======== RECORDS TO PROCESS

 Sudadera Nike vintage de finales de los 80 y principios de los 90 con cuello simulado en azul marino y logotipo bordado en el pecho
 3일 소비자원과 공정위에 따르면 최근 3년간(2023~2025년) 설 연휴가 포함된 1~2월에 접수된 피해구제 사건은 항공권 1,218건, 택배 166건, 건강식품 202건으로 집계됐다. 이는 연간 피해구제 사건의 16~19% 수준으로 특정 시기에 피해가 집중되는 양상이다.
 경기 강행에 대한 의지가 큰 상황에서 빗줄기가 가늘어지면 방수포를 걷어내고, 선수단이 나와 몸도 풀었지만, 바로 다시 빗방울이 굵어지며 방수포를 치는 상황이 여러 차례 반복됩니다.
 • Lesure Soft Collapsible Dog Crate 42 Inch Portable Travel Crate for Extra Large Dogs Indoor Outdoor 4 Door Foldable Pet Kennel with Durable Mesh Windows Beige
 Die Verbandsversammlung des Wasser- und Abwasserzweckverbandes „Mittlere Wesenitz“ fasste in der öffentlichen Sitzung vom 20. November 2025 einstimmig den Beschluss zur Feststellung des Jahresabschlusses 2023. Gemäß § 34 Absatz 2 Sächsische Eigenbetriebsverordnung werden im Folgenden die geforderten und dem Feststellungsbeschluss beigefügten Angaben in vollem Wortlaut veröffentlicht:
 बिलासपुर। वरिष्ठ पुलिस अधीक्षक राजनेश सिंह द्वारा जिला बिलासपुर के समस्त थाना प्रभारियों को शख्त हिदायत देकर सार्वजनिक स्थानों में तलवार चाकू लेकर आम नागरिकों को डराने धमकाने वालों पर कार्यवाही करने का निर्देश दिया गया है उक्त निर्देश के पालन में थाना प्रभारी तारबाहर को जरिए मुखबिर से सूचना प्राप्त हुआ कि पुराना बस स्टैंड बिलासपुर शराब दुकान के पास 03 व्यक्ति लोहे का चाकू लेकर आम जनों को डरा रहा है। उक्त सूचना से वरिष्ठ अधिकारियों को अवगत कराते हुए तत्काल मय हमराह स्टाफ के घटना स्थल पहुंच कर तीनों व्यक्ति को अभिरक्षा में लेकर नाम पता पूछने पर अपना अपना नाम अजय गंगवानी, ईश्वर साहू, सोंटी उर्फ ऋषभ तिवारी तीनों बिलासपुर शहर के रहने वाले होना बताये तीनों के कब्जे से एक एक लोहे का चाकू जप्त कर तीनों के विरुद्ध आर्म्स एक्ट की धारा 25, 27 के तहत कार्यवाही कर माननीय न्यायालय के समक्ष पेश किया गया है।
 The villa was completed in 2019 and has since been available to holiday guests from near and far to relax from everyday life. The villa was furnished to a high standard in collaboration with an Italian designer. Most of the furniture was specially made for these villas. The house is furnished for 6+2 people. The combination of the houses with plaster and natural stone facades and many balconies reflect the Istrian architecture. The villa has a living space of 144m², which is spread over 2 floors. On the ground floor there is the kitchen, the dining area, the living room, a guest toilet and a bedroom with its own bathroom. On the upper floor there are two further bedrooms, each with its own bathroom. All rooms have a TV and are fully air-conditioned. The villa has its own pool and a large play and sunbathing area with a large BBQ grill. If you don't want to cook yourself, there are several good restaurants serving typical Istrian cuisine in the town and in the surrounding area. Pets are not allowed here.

================
======== RECORDS TO PROCESS

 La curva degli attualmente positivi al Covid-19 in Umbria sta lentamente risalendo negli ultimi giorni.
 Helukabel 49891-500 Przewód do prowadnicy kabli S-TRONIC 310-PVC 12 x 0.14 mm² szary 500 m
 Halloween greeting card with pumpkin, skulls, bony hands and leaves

================
======== RECORDS TO PROCESS

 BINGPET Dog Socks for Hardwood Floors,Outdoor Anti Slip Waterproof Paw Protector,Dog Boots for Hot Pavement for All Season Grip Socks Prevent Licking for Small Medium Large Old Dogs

================

Return the span of lines in the data above that opens at the line with "Sudadera Nike vintage" and closes at the line with "3일 소비자원과 공정위에", exactly, ends included, nothing else.

 Sudadera Nike vintage de finales de los 80 y principios de los 90 con cuello simulado en azul marino y logotipo bordado en el pecho
 3일 소비자원과 공정위에 따르면 최근 3년간(2023~2025년) 설 연휴가 포함된 1~2월에 접수된 피해구제 사건은 항공권 1,218건, 택배 166건, 건강식품 202건으로 집계됐다. 이는 연간 피해구제 사건의 16~19% 수준으로 특정 시기에 피해가 집중되는 양상이다.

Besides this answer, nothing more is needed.